Yeah, that didn’t work. The computer (this was 1990) was a small Tandy with a 40 MB (yes, you read that right) hard drive it wasn’t supposed to have. It’s a funny story. The guy at the store sold me the floor model at full price, and when I complained it was the floor model, said, it was sold as is. A few days later he called back, saying they had accidentally left a hard drive on the computer (they didn’t come with them at the time) and they needed me to bring it back. I said, “Gee, my receipt says this item is sold as-is. Since I paid full price for your floor model, I guess that hard drive is mine.” Never heard back from him again.

Anyway, there were very limited options for cookbook programs at the time, and I would spend part of each night diligently typing in recipes and saving them off on floppy disks. Until I got bored with that and just started playing games and reading Usenet posts.

The magazines moved with us twice, but by then I had started amassing a cookbook collection. The little booklets at the counter for the Bake-off winners, things to make with Bisquick, Brand Name recipes, you name it, I bought it. Bread Baking, cookies, and pastries. All of the Frugal Gourmet books. A few vegetarian books.

I think by 1996 I had gotten up to almost 400 cookbooks. Books on canning, brewing beer, baking, appetizers, my cookbook collection reflected my wish to cater endless parties. By 1996 my first marriage had ended, and I started buying things about stretching my food money. I also started buying cookbooks about Kosher cooking, as I was dating a Jewish man and studying to convert.

Kosher cooking led me to a small understanding of the issues with cross contamination. Also how to cook for Passover, and why certain things would be considered not Kosher for Passover (such as things containing Corn Syrup, which is why there exists Kosher for Passover Coca-Cola) I learned to unlock my brain on how to make a cake or a dessert – not everything needs to be made with flour, it can be made with almond meal, or matzo meal.
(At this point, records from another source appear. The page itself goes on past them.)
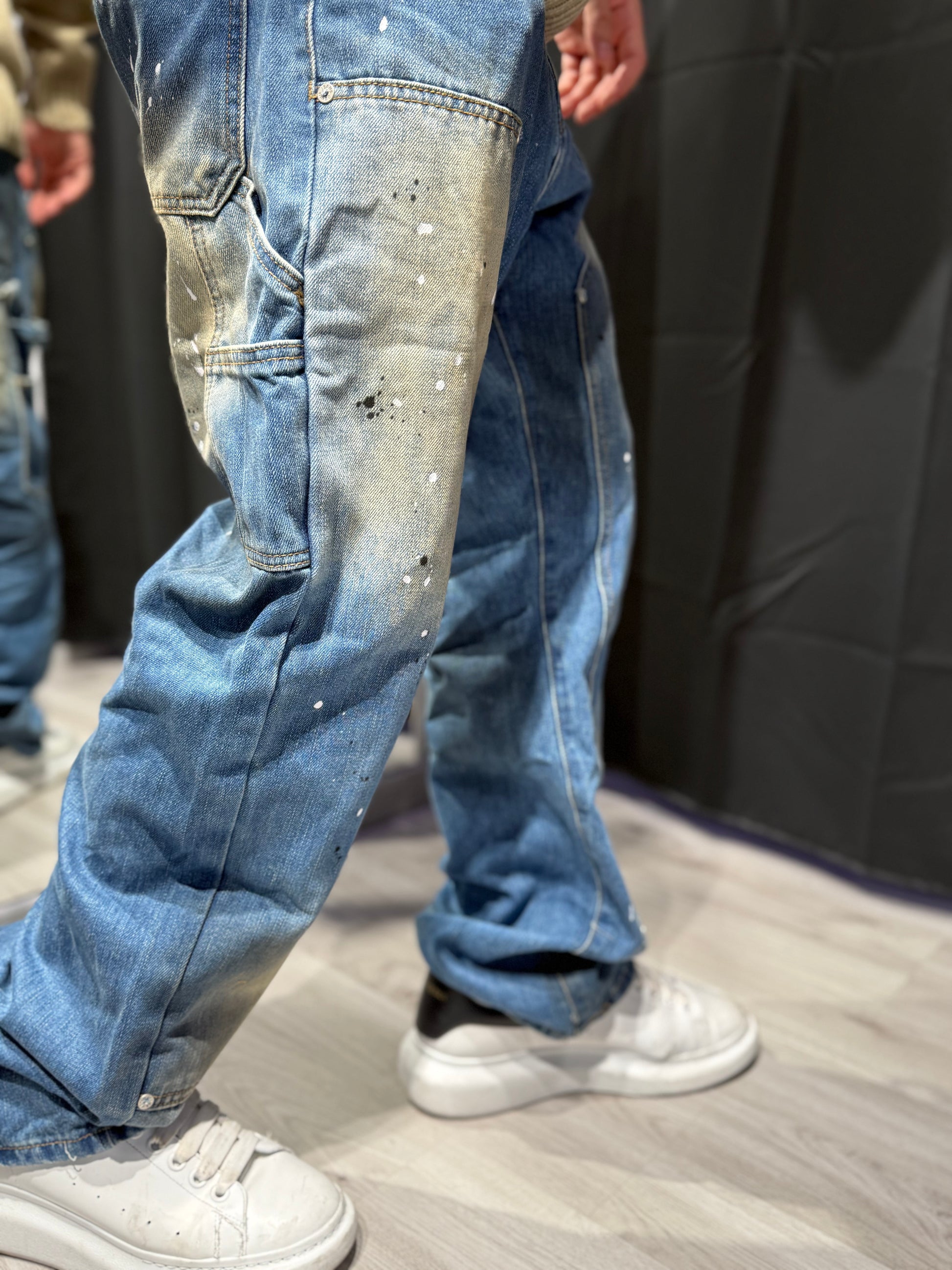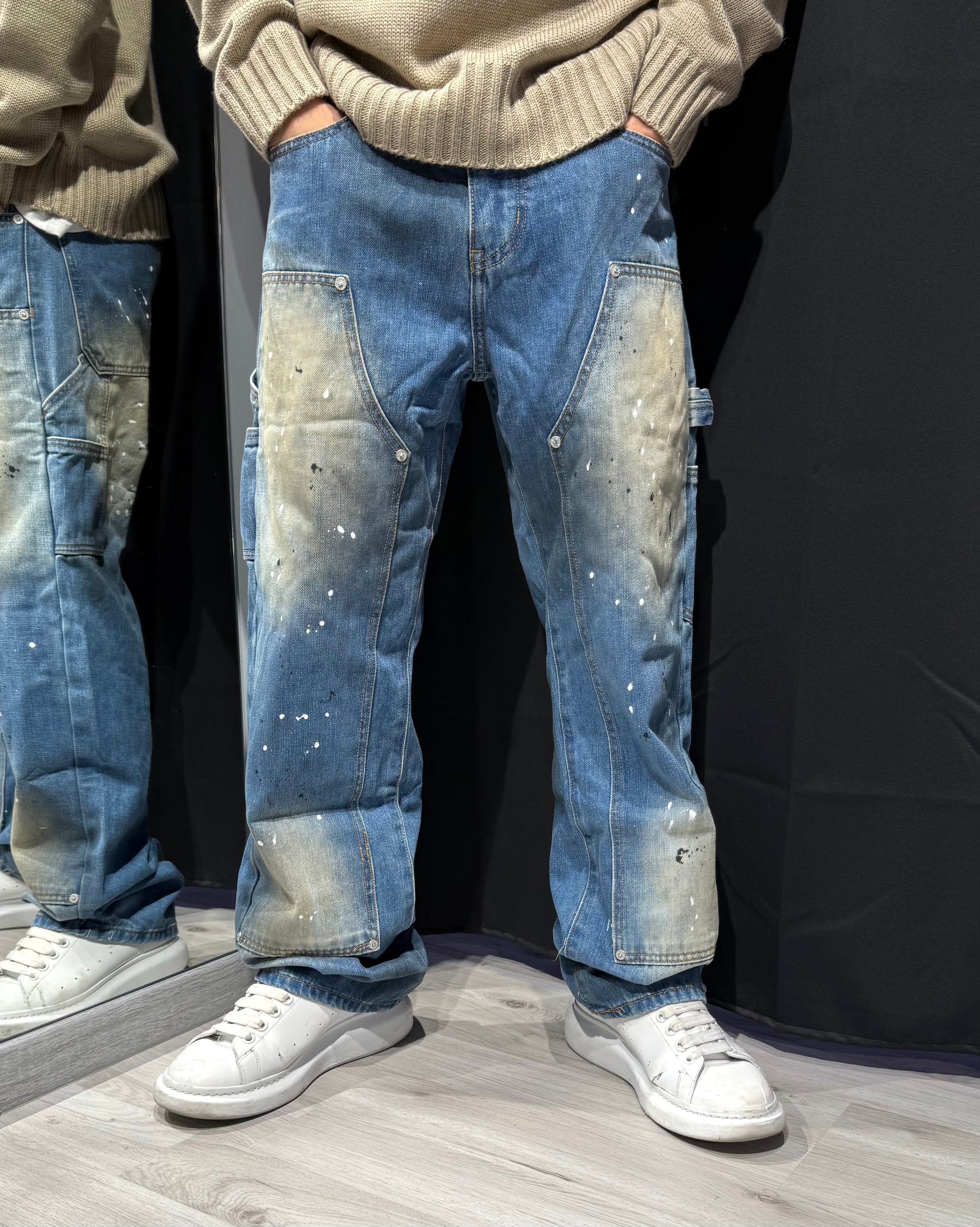 Realizzati in denim lavato, presentano sfumature beige e schizzi effetto vernice per un look vissuto e autentico.
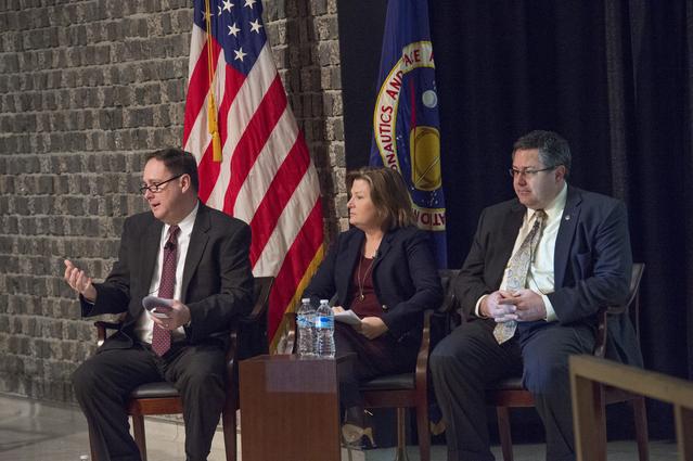 ROBERT LIGHTFOOT, LESA ROE, AND TODD MAY ONSTAGE DURING ALL HANDS MEETING
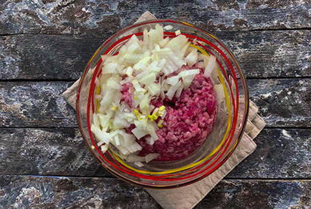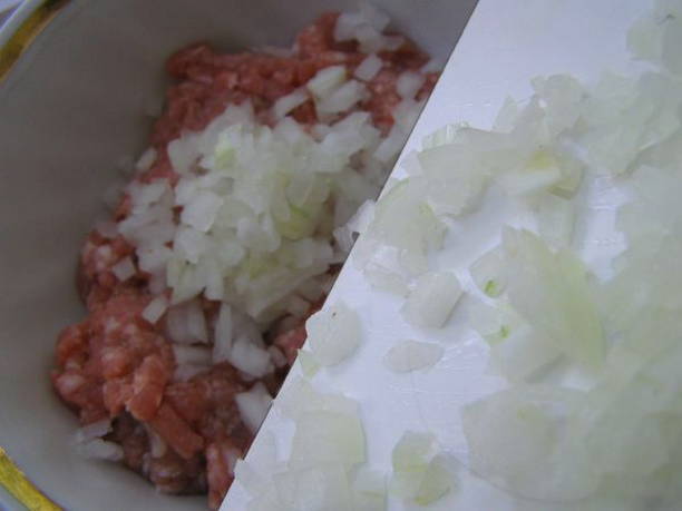 - Voeg de gesnipperde ui toe aan het gehakt.
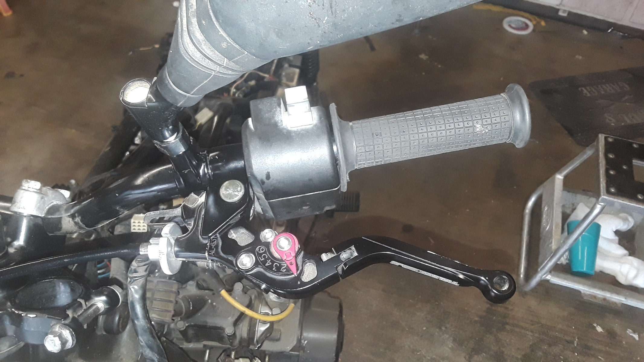 My wife has [strike]stubby little[/strike] shorter than average fingers. As a result she was attracted to my radial master cylinder on the Suzuki. After installing another radial master on her GPz with the adjustable lever, I found a matching clutch lever for her. She is pretty excited about it!

While that relationship did not last, the lessons I learned about Jewish cooking and the process of becoming a Jew have not left me. (Oh, I ultimately did not convert)

When I met my husband Eric, the cookbooks were still contained. Over the course of the first five years, he gently suggested I stop buying every cookbook I saw. I eventually was able to let go of the magazines, and even stopped buying them, or at least started buying magazines that were only about food.
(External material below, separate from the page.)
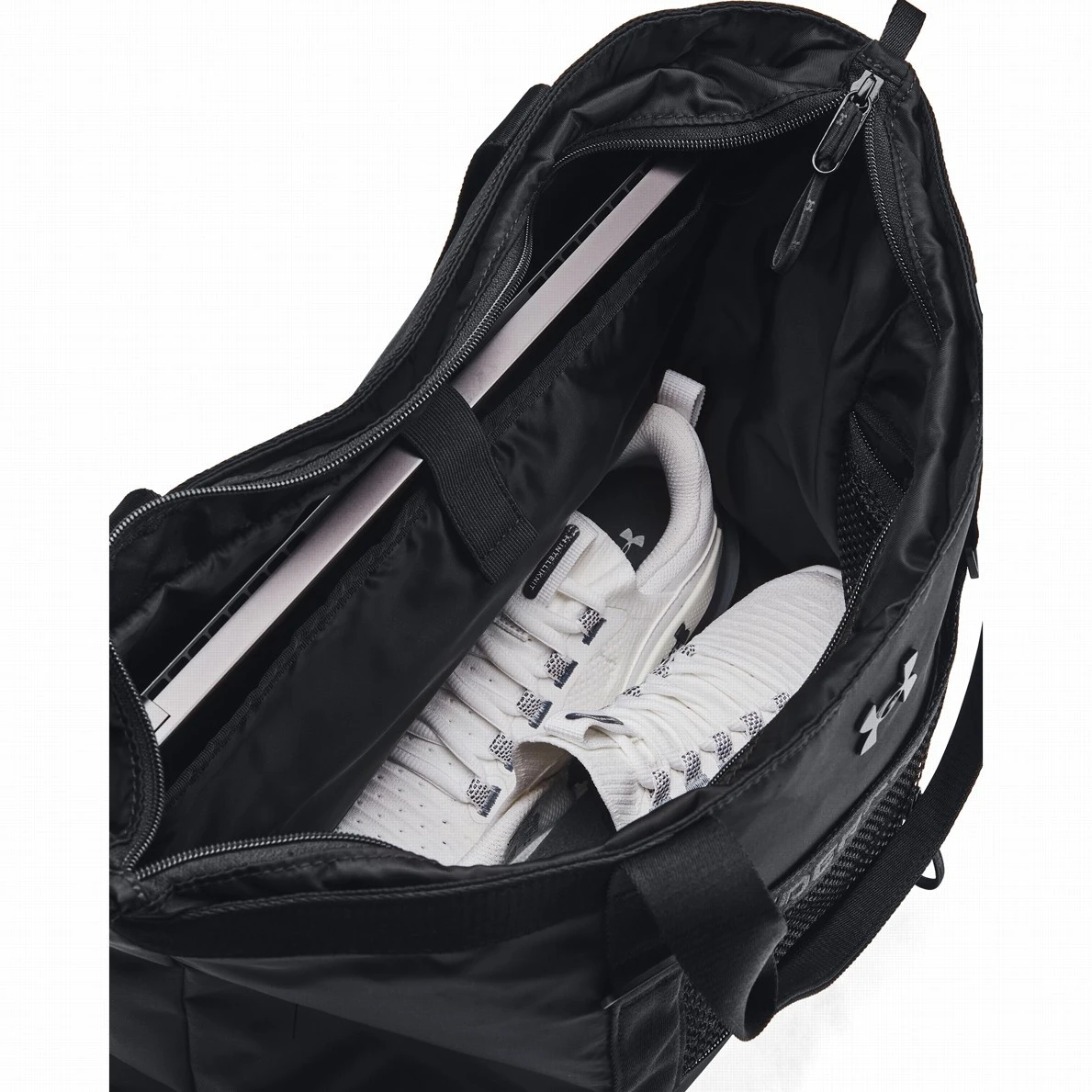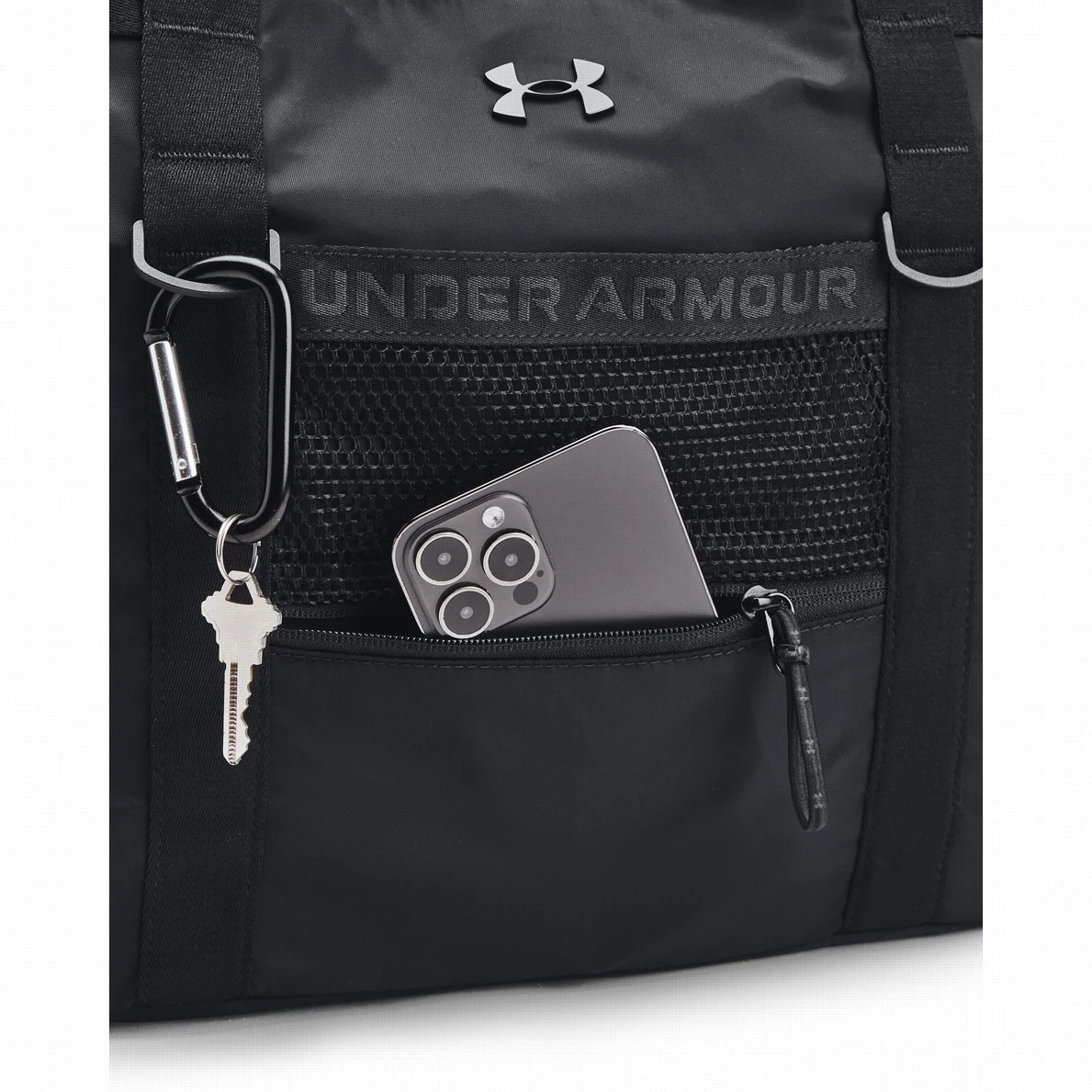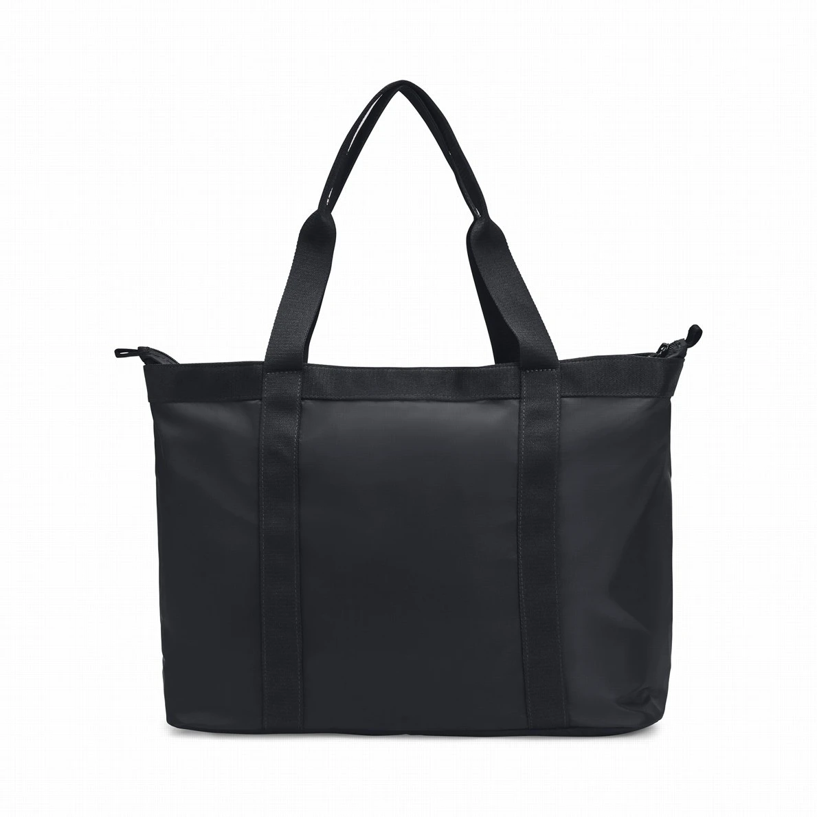 Bolso tote Studio para mujer de Under Armour con un gran compartimento principal con cremallera con organización interna y un compartimento para computadora portátil o tableta con forro suave: tiene capacidad para una MacBook Pro® o computadora portátil de hasta 16".Puntos de fijación con anillos en D para sujetar fácilmente cualquier bolso con un mosquetón. Cremallera equipada con una banda elástica que se puede utilizar, por ejemplo, en el pelo.

I started looking at WHY I buy the cookbooks I buy. What am I looking for when I buy, say, a book about cookies? (I’m looking for the Orange Cookie recipe, of course!) or the Gourmet collections (I’m looking for that honey baked beans recipe, which I am now convinced I just altered a maple syrup baked beans recipe) and now it’s everything America’s Test Kitchen puts out. Those are really satisfying for me not so much for the recipes, which we have only once had one we didn’t like, but for the explanations that go with the recipes of why it works and what they tried that didn’t work.

The collection evolves. For a while, there was a rule that for everyone 1 cookbook I brought in, I had to get rid of 2. I thought this was cruel. Now I see that if I am unchecked, I will just continue to add, and I will have books that just gather dust, that I don’t even open or read, or use.
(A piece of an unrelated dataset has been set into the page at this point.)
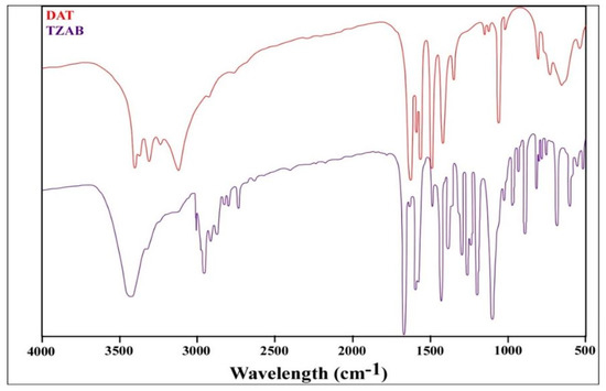 Because of the -OH stretching of the new hindered phenolic group, a wide absorption band developed at 3430 cm−1. An absorption at 1428 cm−1 was seen for C-H bending, whereas the classic asymmetric C-H stretching peaks emerged at 2968 cm−1. In the novel synthesized material TZAB, the -N-H stretching (primary amine group) absorption bands at 3400 and 3100 cm−1 disappeared, while the -C=N stretching (imine) exocyclic double bond peak formed at 1661 cm−1 [39]. It was confirmed that the intermediate TZAB had the correct structure by observing the absorption band at 1093 cm−1 due to the C-N stretching vibration as well as other characteristic peaks, as presented in Scheme 1.

With the advent of the digital book, I own more cookbooks that only take up space on my Kindle. Not a lot of them, though, because I don’t like using that when I’m trying to cook something.

No, for cooking, I still prefer the paper page, the cookbook weighted down on one side with a page weight to keep it open.  That is how I prefer them – live, in my hands, the weight and physicality of them a testament to someone else who loved to cook, sitting down and writing about their love, for me to hold in my hands and to love it as well.